Breaking the Memory Wall: A Study of I/O Patterns and GPU Memory Utilization for Hybrid CPU-GPU Offloaded Optimizers

from arxiv, Accepted at FlexScience'24' Workshop on AI and Scientific Computing at Scale using Flexible Computing Infrastructures (co-located with HPDC'24)

Transformers and LLMs have seen rapid adoption in all domains. Their sizes have exploded to hundreds of billions of parameters and keep increasing. Under these circumstances, the training of transformers is slow and often takes in the order of weeks or months. Thanks to 3D model parallelism (data, pipeline, and tensor-level parallelism), the training can scale to a large number of GPUs, which reduces the duration of the training but dramatically increases the cost. Even when a large number of GPUs are available, the aggregated GPU memory is often not enough to hold the full training state (optimizer state, model parameters, and gradients). To compensate, state-of-the-art approaches offload the optimizer state at least partially to the host memory and perform hybrid CPU-GPU computations. Such flexible solutions dramatically reduce the GPU memory utilization, which makes it feasible to run the training on a smaller number of GPUs at the cost of performance penalty. Unfortunately, the challenges and bottlenecks of adopting this strategy are not sufficiently studied by state-of-the-art, which results in poor management of the combined host-GPU memory and poor overlapping between data movements and computations. In this paper, we aim to fill this gap by characterizing the behavior of offloaded training using the DeepSpeed runtime. Specifically, we study the GPU memory utilization over time during each iteration, the activity on the PCIe related to transfers between the host memory and the GPU memory, and the relationship between resource utilization and the steps involved in each iteration. Thanks to this study, we reveal opportunities for future improvements of offloading solutions, which enable greater flexibility to optimize the cost-performance trade-off in the context of transformer and LLM training.

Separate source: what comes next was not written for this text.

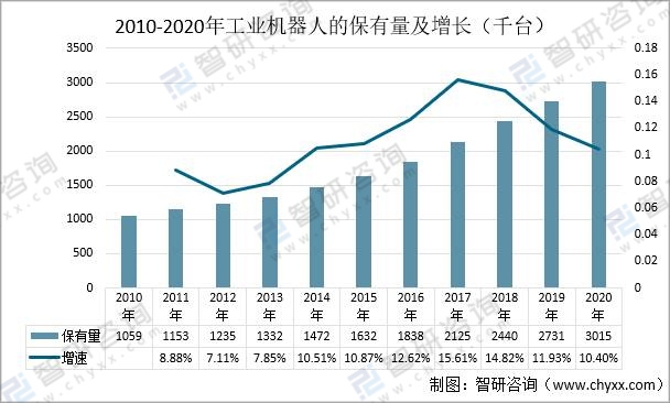根據國際機器人聯合會數據顯示:近十年,工業機器人的保有量在持續上漲。2020年的保有量為3015千臺,相比2019年的2731千臺增長了10.4%。
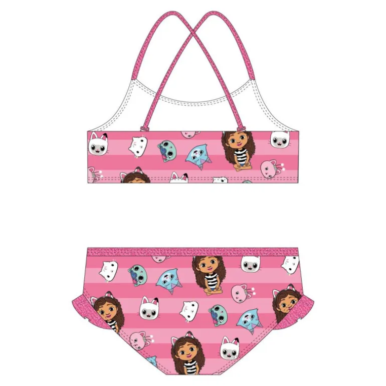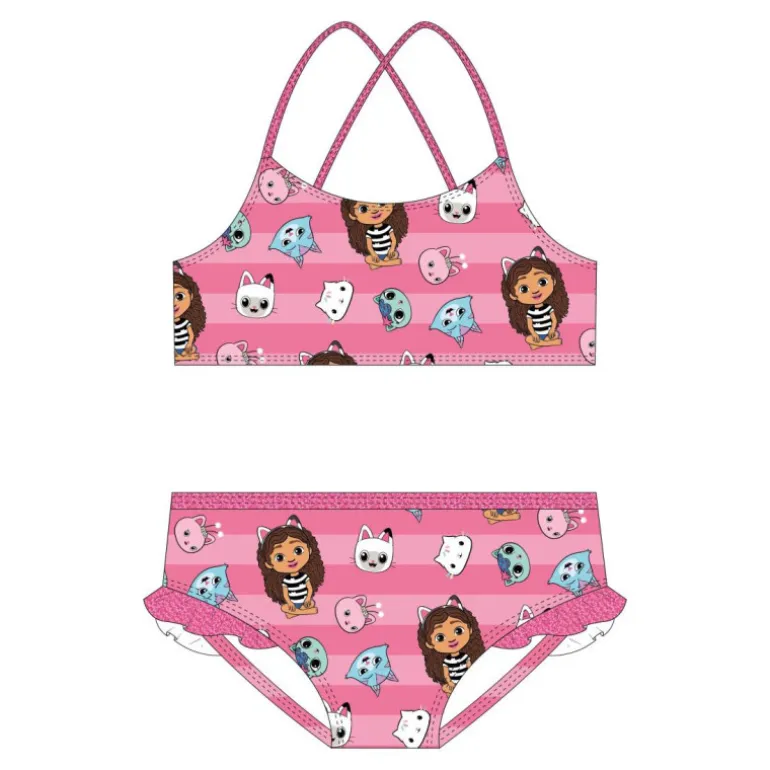 Descubre el encantador bikini Gabby’s Dollhouse, ideal para las pequeñas fanáticas de esta popular serie. Diseñado en un vibrante color rosa, este conjunto de baño destaca por sus llamativas ilustraciones de personajes entrañables. El top presenta tirantes cruzados en la espalda, asegurando un ajuste cómodo y seguro para disfrutar de un día de juegos en el agua.

翻译：Transformer与大型语言模型已在各领域得到迅速应用。其参数量已激增至数千亿级别并持续增长。在此背景下，Transformer模型的训练过程缓慢，通常需要数周甚至数月时间。借助三维模型并行技术（数据并行、流水线并行及张量并行），训练可扩展至大量GPU，从而缩短训练时长，但成本也急剧增加。即使拥有大量GPU，其聚合内存仍常不足以容纳完整的训练状态（优化器状态、模型参数及梯度）。为应对此问题，现有先进方案至少将部分优化器状态卸载至主机内存，并执行混合CPU-GPU计算。此类灵活方案显著降低了GPU内存占用，使得在少量GPU上运行训练成为可能，但需以性能损失为代价。遗憾的是，现有研究对采用该策略的挑战与瓶颈分析不足，导致主机-GPU混合内存管理效率低下，且数据迁移与计算过程的重叠度不佳。本文旨在通过分析DeepSpeed运行时的卸载训练行为来填补这一研究空白。具体而言，我们研究了每轮迭代过程中GPU内存利用率随时间的变化、与主机-GPU内存传输相关的PCIe活动，以及资源利用率与迭代各步骤间的关联。基于此研究，我们揭示了卸载方案未来的改进方向，从而为Transformer与大型语言模型训练场景中成本-性能权衡的优化提供更大灵活性。